Multiple endocrine neoplasia type 2 (MEN 2) contains three subtypes: MEN2A, MEN2B and FMTC (familial medullary thyroid carcinoma). All three subtypes are associated with a high risk for medullary carcinoma of the thyroid (MTC). Mutations in the RET gene are responsible for more than 95% of all MEN2 cases and all MEN 2 subtypes are inherited in an autosomal dominant manner.

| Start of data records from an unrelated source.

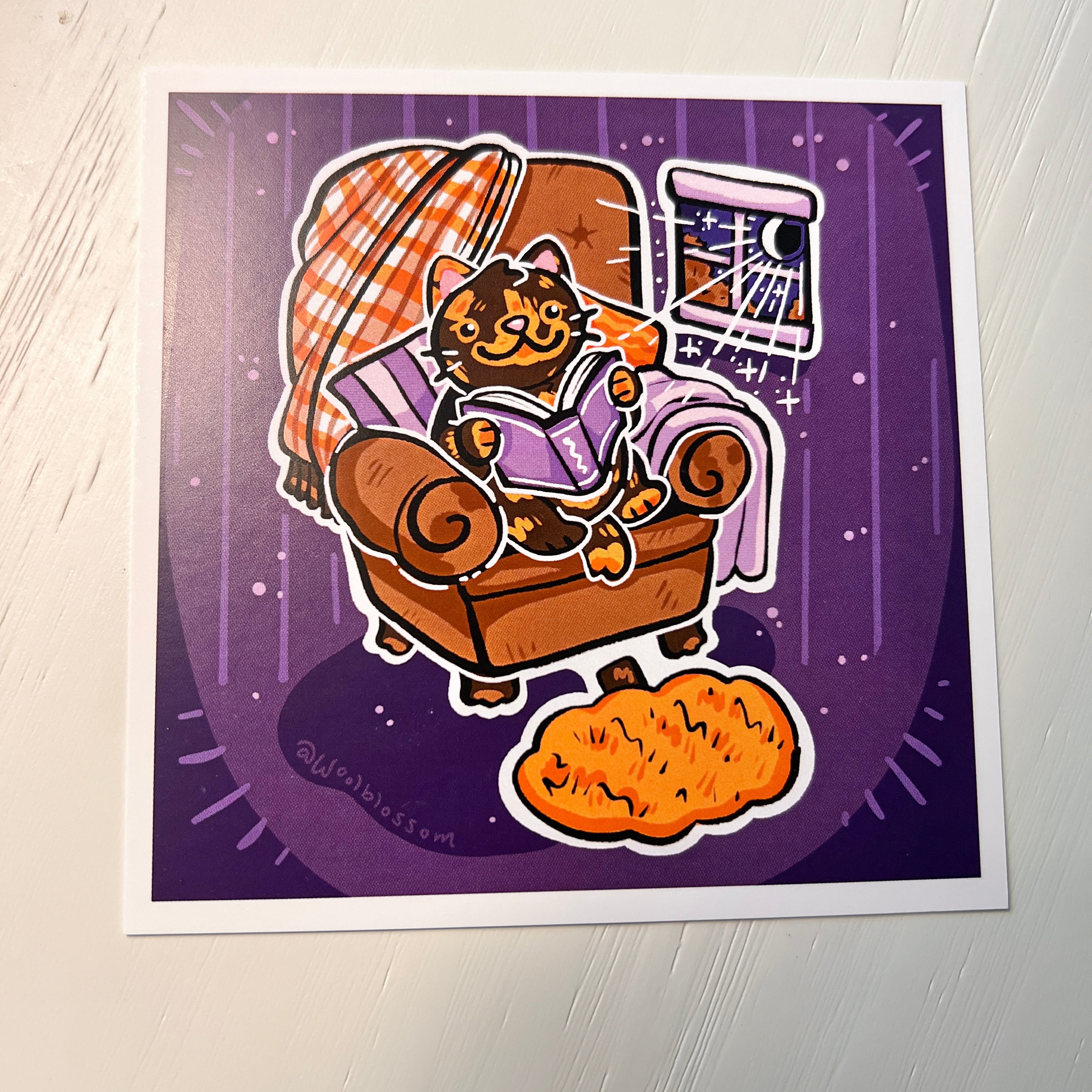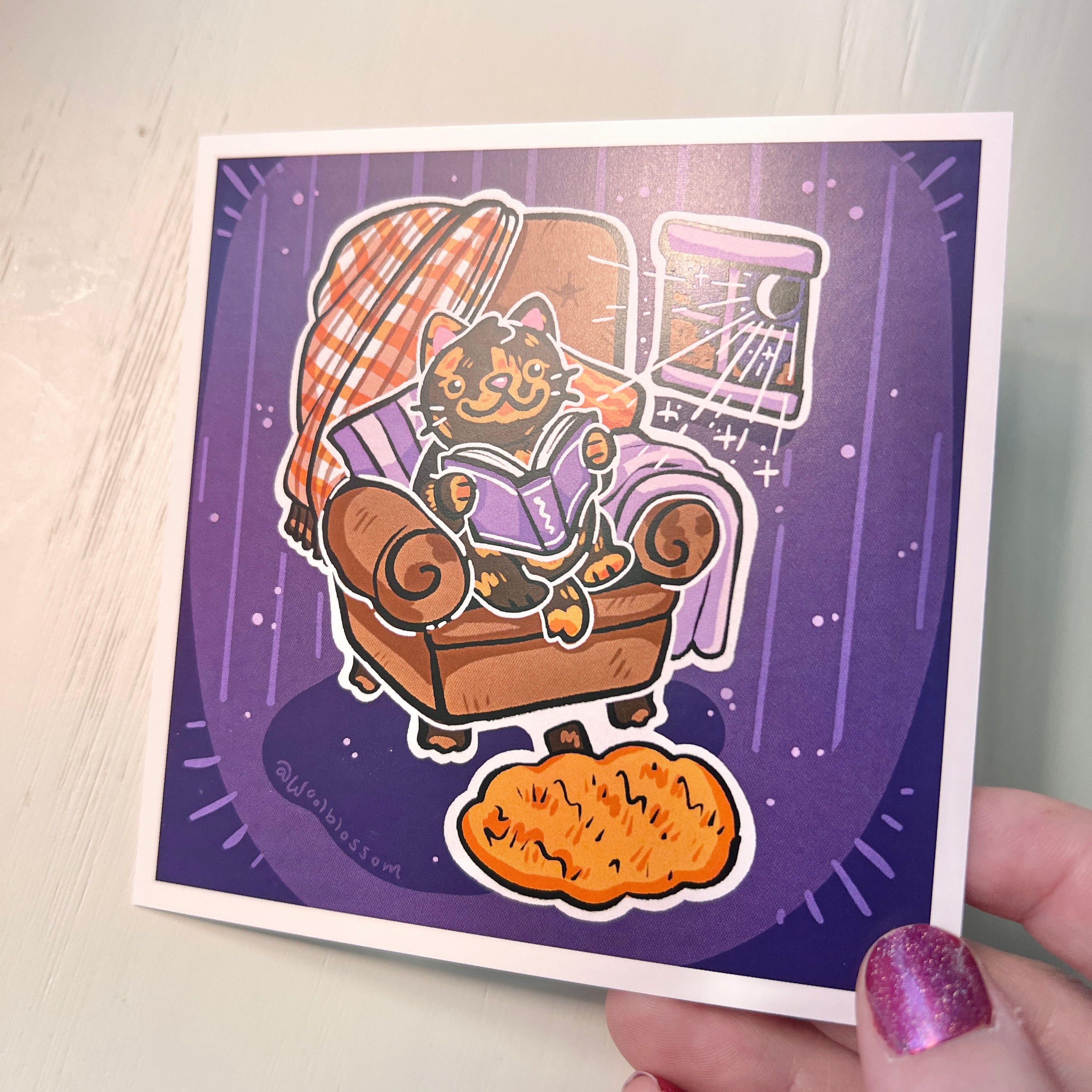 This tortie cat is doing some late night near Halloween reading! The perfect purple print for any bookish readers who love autumn- put it in your living room, office, and more to get ready for the season! :-)
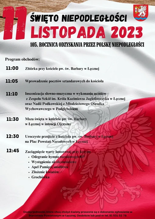 Osoby i instytucje, które chcą złożyć kwiaty proszone są o dokonanie zgłoszenia w Starostwie Powiatowym w Łęcznej. Osobiście lub pod nr. tel. 815315279.
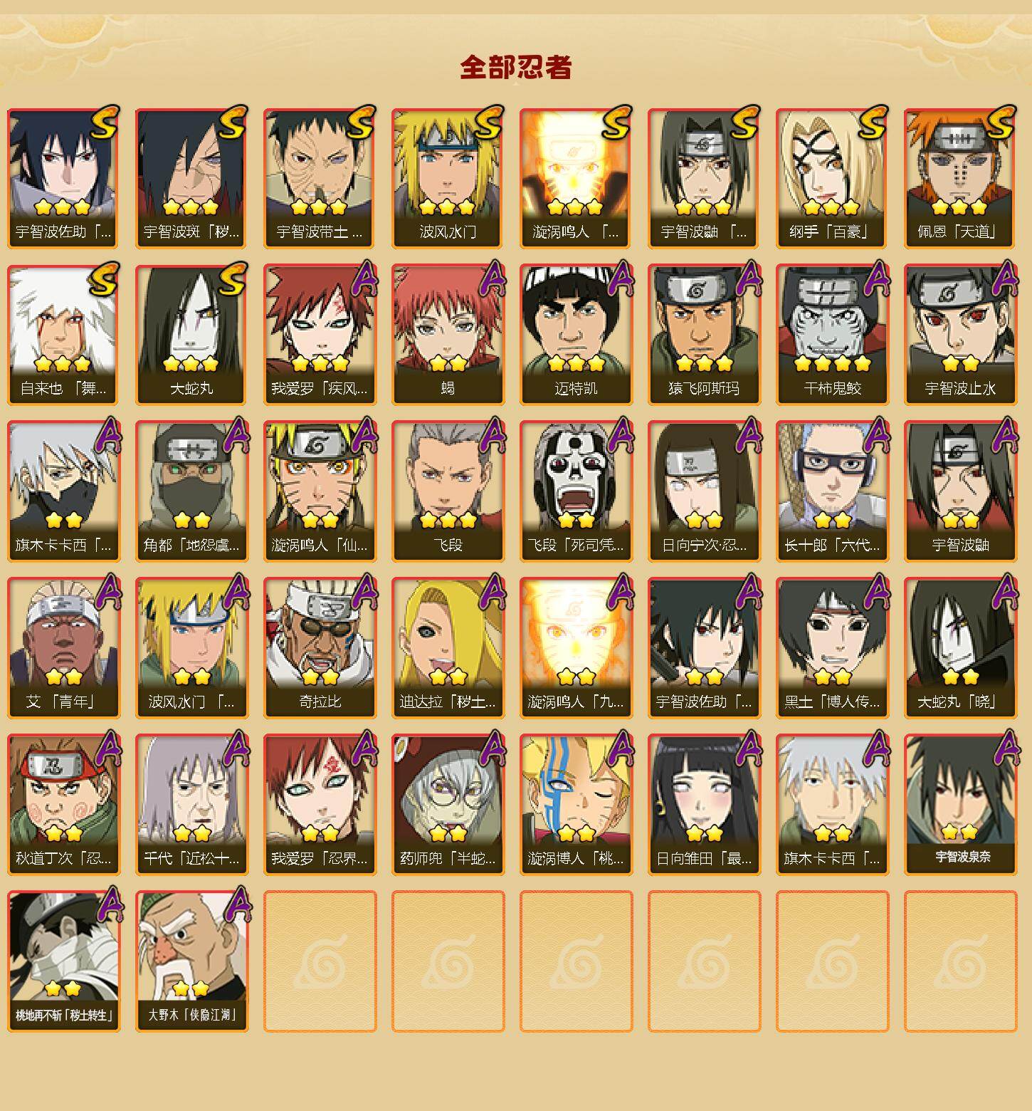 【S级忍者】:宇智波斑「秽土转生·解」(3星),宇智波带土「忍界大战」(3星),宇智波鼬「须佐能乎」(3星),自来也「舞之豪杰」(3星),大蛇丸(3星),纲手「百豪」(3星),波风水门(3星),漩涡鸣人「九喇嘛连结」(3星),佩恩「天道」(3星),宇智波佐助「永恒万花筒」(3星)

MEN2A has an increased risk for parathyroid adenoma or hyperplasia while both MEN2A and MEN2B have an increased risk for pheochromocytoma. Additional features in MEN2B include mucosal neuromas of the lips and tongue and neuromatosis of the gastrointestinal tract. In MEN2B medullary thyroid carcinoma (MTC) typically occurs in early childhood, while in MEN2A in early adulthood and middle age in FMTC.
We perform automated bi-directional fluorescent DNA sequencing of coding exons 10, 11, 13, 14, 15 and 16, including the intron/exon boundaries, of the RET gene, thus detecting more than 98% of pathological mutations associated with MEN2.
Please note that InterGenetics participates successfully in the EMQN external quality control (EQA) scheme for genetic testing of MEN2.